The first example is hard to decipher while the second is quite understandable without even knowing what the purpose of the function is. As it happens, dplyr is also usually faster than base R by a fair amount.
The Need for Speed
As we start working with larger and larger datasets, the basic tools of the tidyverse start to look a little slow. In the last few years several packages more suited to large datasets have emerged. Some of these are column, rather than row, oriented. Some use parallel processing. Some are vector optimized. Speedy databases that have made their way into the R ecosystem are data.table, arrow, polars and duckdb. All of these are available for Python as well. Each of these carries with it its own interface and learning curve. duckdb, for example is a dialect of SQL, an entirely different language so our dplyr code above has to look like this in SQL:
result <- dbGetQuery( con, "SELECT city, AVG(temp) as avg, MIN(temp) as low, MAX(temp) as high FROM duck_df GROUP BY city")
It’s pretty readable but if you don’t know the lingo, translating will slow you down. Fear not! Help is at hand. Everyone of these database packages has a dplyr vernacular wrapper. This is a huge convenience. You can write the readable dplyr code and it just works (mostly). Switching between and testing all of these databases requires only minor changes in your code.
Future code snippets in this article are hidden by default. Click on the “Code” button wherever you see it to make source code visible.
When looking at these alt-databases you may be tempted to simply ask “which is fastest?” This is not a simple question. The answer will depend on the size of the dataset, the nature of the manipulations, and the hardware you are using. You can get a sense of the relative speeds by looking at these comprehensive benchmarks.
If you want to continue to use the tidyverse vernacular, the question changes. It’s not “which is fastest,” but “which is fastest using the dplyr syntax?” The answer, as it turns out, is very different for the second question.
The dplyr wrappers are not a free lunch. There are two sources of overhead that mean the dplyr code should be slightly slower than using the native interface. First, the dataset, which might start out as a typical R data frame, must be converted into the target database format. Second, some time must be taken to convert the dplyr code to the target database code. Obviously, if your dataset is already in the file format of the database package, the first issue goes away.
In this experiment we will address three questions.
- How much faster (if at all) are the “alt-database” packages than the Tidyverse dplyr package. We use the native data frame format throughout the pipeline.

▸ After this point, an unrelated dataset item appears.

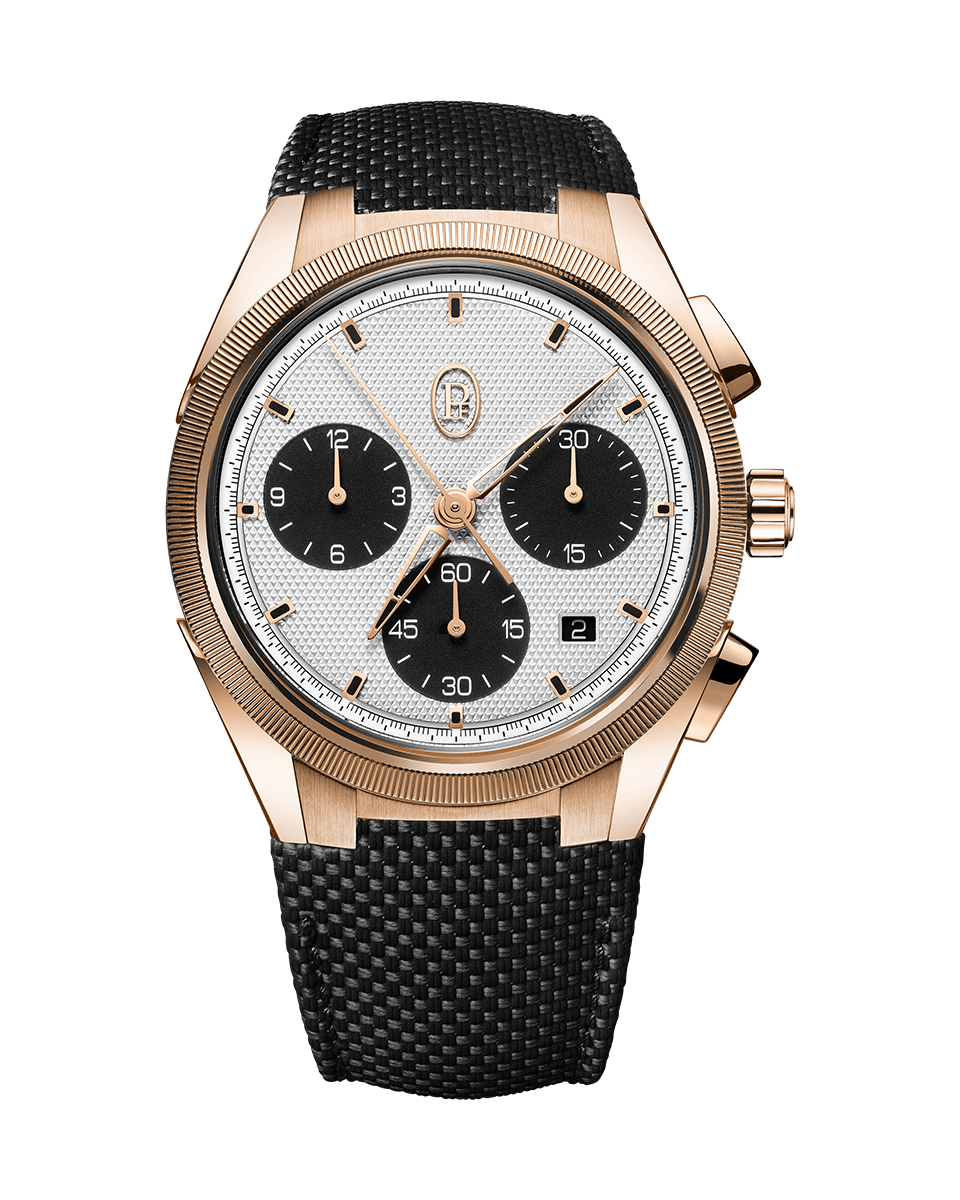 TONDA PF Sport Kronograf 42 mm çapındadır ve sportif karakterini vurgulayan cesur bir ışık ve yansıma etkileşimi yaratan belirgin bir tırtıklı çerçeveye sahiptir. Kadran, elle guilloche yapılmış 'üçgen çivi' deseniyle dekore edilmiştir. Uygulanan saat işaretleri siyah SuperLuminova ile kaplanmıştır.

- How much of a performance hit do we take if we use the Tidyverse wrappers to analyze alt-database data sets, still using the native format.
- Suppose we want to work with Tidyverse R data frames (e.g. tibbles). Do the alt-database engines still give us a speed benefit if we include the time to convert tibbles into an alt-database format before doing typical manipulations.
Make the Data Set
We will use the TPC-H query dataset. This is a standard dataset used to benchmark databases. It is a set of tables that represent a fictional company’s operations. You can learn more about it here. For this project we will use the lineitem table which has 16 columns, 12 million rows of mixed types and is about 1 GB in size. Since it is included with the duckDB package we can generate it from there. We start all tests with a tibble
object.
As a cautionary note, the manipulations we are doing, grouping, computing and summarizing, may or may not show off any particular approach to its best advantage. Your mileage may vary. Feel free to quibble.
Code
duckdb:::sql("DROP TABLE IF EXISTS lineitem")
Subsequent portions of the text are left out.